Phone logs indicated that the “responsible process” for the spyware was amfid, the Apple mobile file integrity daemon.

We saw the FORCEDENTRY exploit successfully deployed against iOS versions 14.4 and 14.6 as a zero-day.

With the consent of targets, we shared these crash logs and some additional phone logs relating to KISMET and FORCEDENTRY with Apple, Inc., which confirmed they were investigating.

3. Hacked Again after Going Public

Activist D, a member of the Bahrain Center for Human Rights, was additionally targeted with Pegasus in March 2019 with a Pegasus SMS message from “BatelcoEsvc.” Activist D discussed the 2019 incident in a 2020 interview in which Activist D was interviewed alongside one of the authors of this report. The Bahraini goverment’s LULU operator hacked Activist D with Pegasus using the KISMET zero-click exploit approximately six hours after the interview first aired. This case highlights the risks inherent in going public with instances of hacking.

The 2019 Pegasus SMS appeared in a thread with legitimate messages from Activist D’s mobile provider, Batelco. The target was curious about the message, and contacted Batelco, who told them that the message was not of a type sent by Batelco.

The link unshortens to a website on info-update[.]org, which redirected to the legitimate Batelco e-services website (https://e.batelco.com/eservices/Login) when submitted to VirusTotal. When we checked it, the link returned a 404.

The info-update[.]org website is connected to the Pegasus spyware, as we show below.

Decoy Page Reveals 2019 Pegasus Sites

NSO Group has occasionally made use of visible decoy pages, perhaps in an effort to make their Pegasus infrastructure appear as innocuous servers. We found an interesting server, start-anew[.]net, which displayed an open directory listing that contained a decoy page.

 

The directory contained a file, 1, which contained HTML source code for a website maintenance decoy page. The page was entitled “While maintenance:” and contained the text “Working hard to create a new website design. Stay in touch!”

Figure 12: How the decoy page (1) looks in a browser.

The title “While maintenance:” and the text “Working hard to create a new website design. Stay in touch!” exactly matched pages returned by two Pegasus servers that matched a fingerprint we used in our Hide and Seek report. These two servers were part of a group of Pegasus servers that were spun up in 2018 after Amnesty Tech and Citizen Lab published reports about the targeting of an Amnesty International staffer with Pegasus, but before Citizen Lab’s Hide and Seek report.

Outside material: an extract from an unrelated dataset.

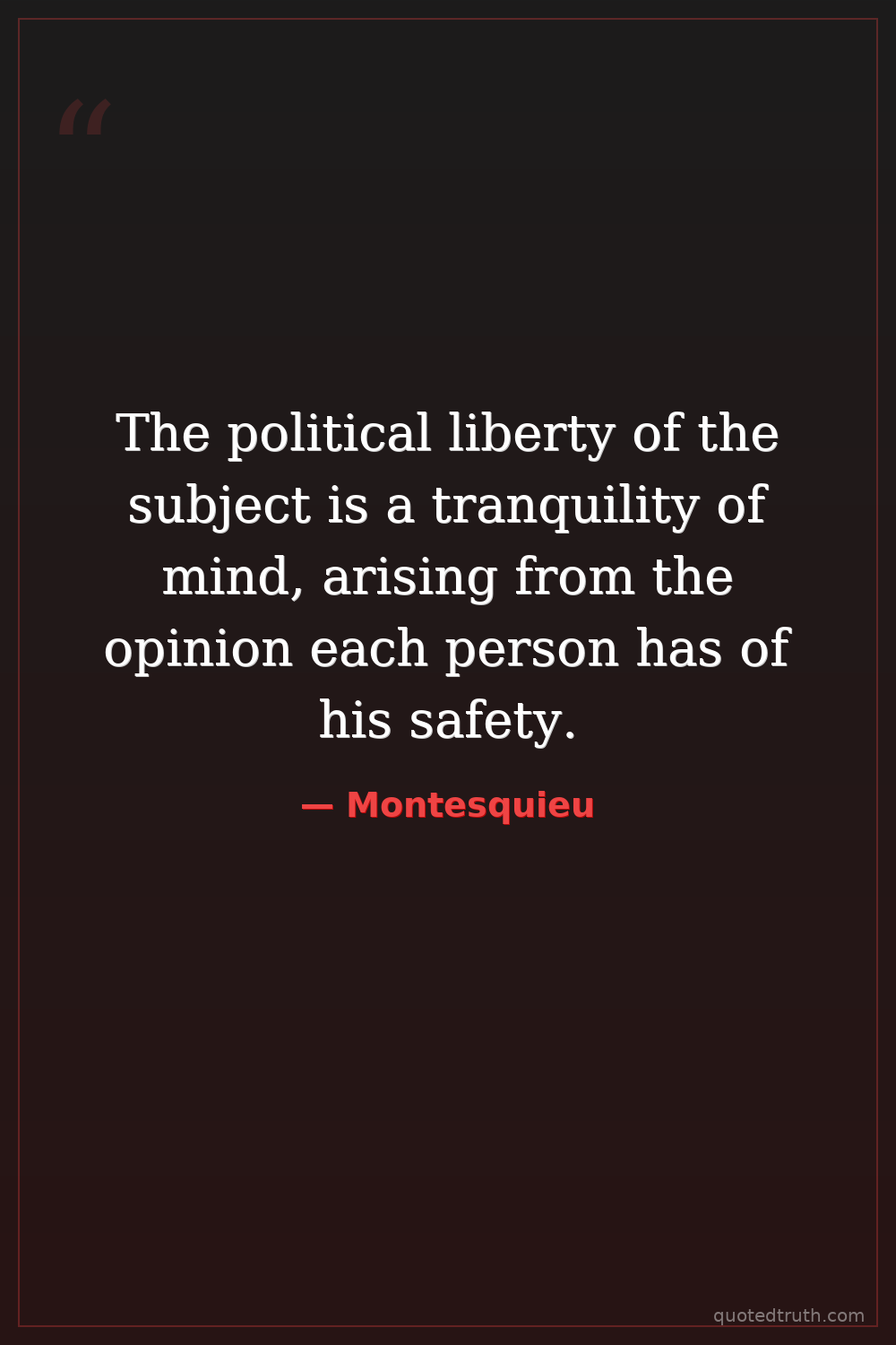 The political liberty of the subject is a tranquility of mind, arising from the opinion each person has of his safety.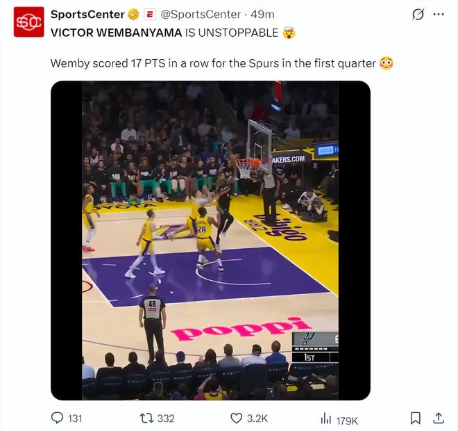 首節(jié)開(kāi)場(chǎng)文班亞馬就開(kāi)始上演表演秀,轉(zhuǎn)身過(guò)掉拉拉維亞直接單手劈扣,開(kāi)場(chǎng)5中5,三分3中3拿到17分。

IP Domain Dates Matching Decoy Page1 Dates Matching Hide and Seek Fingerprint2
209.250.237.55 youneedjelly[.]net 8/28/2018 – 10/14/2018 8/31/2018 – 9/6/2018
92.222.71.144 visiblereminder[.]net 8/28/2018 – 9/11/2018 8/31/2018 – 9/6/2018

From the contents of start-anew[.]net, we surmised that the following websites were part of the new Pegasus infrastructure:

  • reunionlove[.]net
  • news-now[.]co
  • helpusfind[.]biz

Scanning Shared Web Hosters

We noted that these three domains were hosted on shared web hosting providers. In other words, the IP addresses that they pointed to had dozens of other innocuous domains also pointing to them. In previous iterations of NSO Group’s Pegasus infrastructure, each domain name pointed to a separate IP address.

Scanning websites on shared web hosting required us to adjust our scanning infrastructure to use domain names rather than IP addresses. The usage of shared hosting providers appears to have begun after we published our Hide and Seek report in September 2018. We disclose our fingerprinting and scanning pipeline below, because it is no longer capable of detecting Pegasus servers.

We devised these scanning steps based on the configuration of the three domain names found on start-anew[.]net.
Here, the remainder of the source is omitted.